UC Irvine

The process by which genes acquire new functions is not well understood, but gene duplication is considered an important mechanism for generating functional diversity. Gene duplications are often followed by an accelerated rate of evolution. We tested this hypothesis by examining the evolution of a pair of blue opsin duplicate genes in the butterfly genus Lycaena. Visual pigments are the light-sensitive molecules in the arthropods’ compound eye. The specific amino acid sequence of the opsin protein determines the peak absorption maximum of the visual pigment. We used PCR, cloning and sequencing of eye derived cDNAs to characterize all four opsin genes of L. heteronea and L. helloides, which we combined with the previously characterized L. rubidus opsin sequences. The translated opsin amino acid sequences were aligned and used to construct a phylogenetic tree. Each of these sequences falls within one of three well-supported clades in the insect opsin gene tree, comprised respectively of ultraviolet (UV), blue (B) and long-wavelength (LW) sensitive pigments. One of these genes belongs to the ultraviolet (UV) opsin clade, and encodes the visual pigment with peak sensitivity to 360 nm. A second gene clusters within the long wavelength (LW) clade and corresponds to the visual pigment with peak sensitivity to 568 nm.

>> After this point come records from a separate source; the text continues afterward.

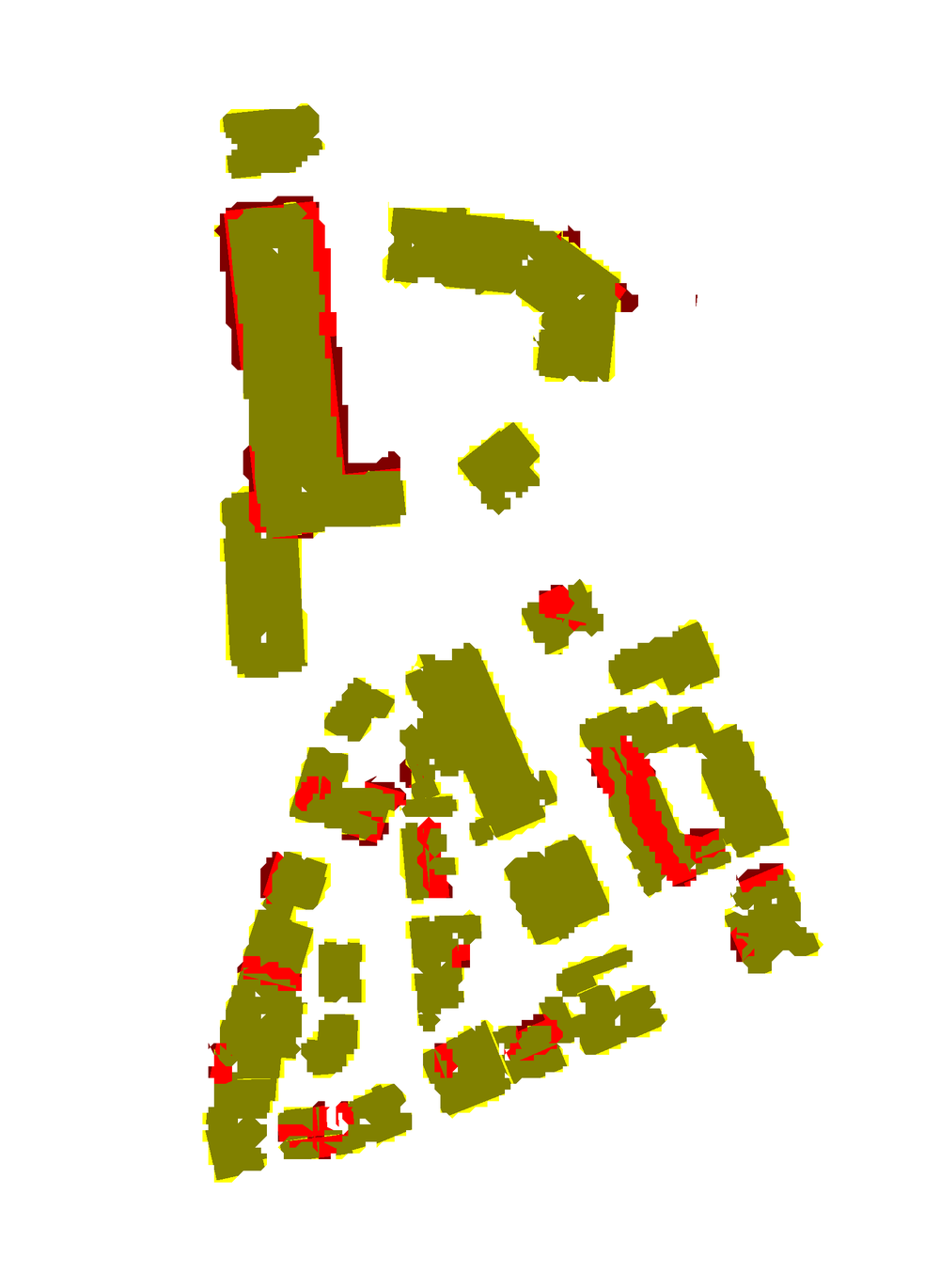 Pixels that belong to a detected roof plane found to have sufficient overlap with planes in the reference but that are not inside a building in the reference (because the extent of the detected roof plane is somewhat larger than the extent of the reference roof plane)
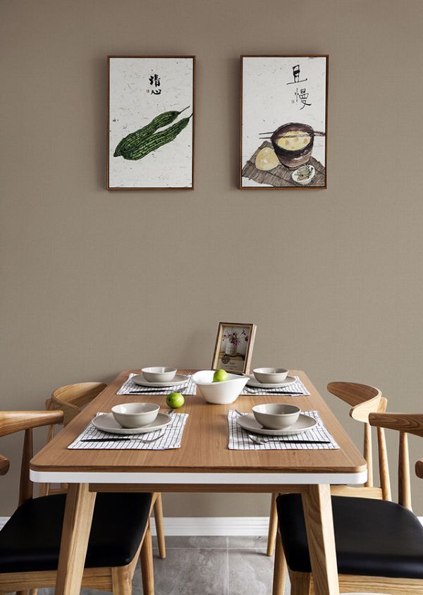 在相对狭小的空间里,完美的对称关系为家居带来了美妙效果。冰咖啡色占据了整个餐厅的墙面,搭配上亮白色的点缀,带来宽敞而明亮的视觉效果。
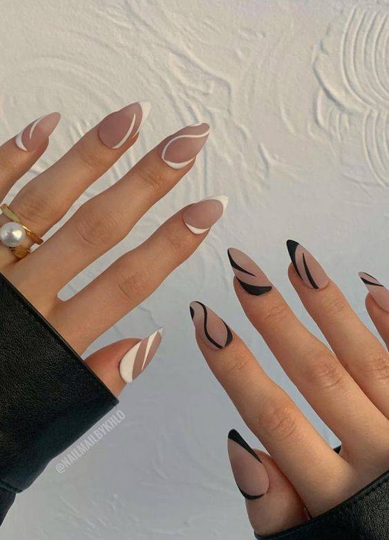 Зигзаги, точки, френч – каждый ноготь можно украсить по-разному. Чем разнообразнее будут узоры, тем интереснее будет ваш маникюр в темных матовых тонах.

Two genes clustered within the blue-sensitive opsin clade (B1 and B2), representing respectively the visual pigments with peak sensitivity to 437 (blue) and 500 (green) nm. We used Tajima’s (1993) method to test whether or not the P500 opsin displayed an elevated rate of amino acid evolution following its divergence from the P437 opsin, which has a more typical peak sensitivity for opsins of that clade. Visual inspection of the branch lengths of the opsin tree suggested that B1 and B2 are evolving at different rates, and results from Tajima’s test support this finding for all three Lycaena species (p<0.05 for all species). A second analysis separating the transmembrane (TM) and the non-transmembrane (Non-TM) domains of the opsin protein, shows that only the amino acid differences between the TM domains are responsible for this different rate of evolution between B1 and B2 in all three species (TM domains p<0.01, Non-TM domains p>0.4), further suggesting that one of these genes has evolved a new function.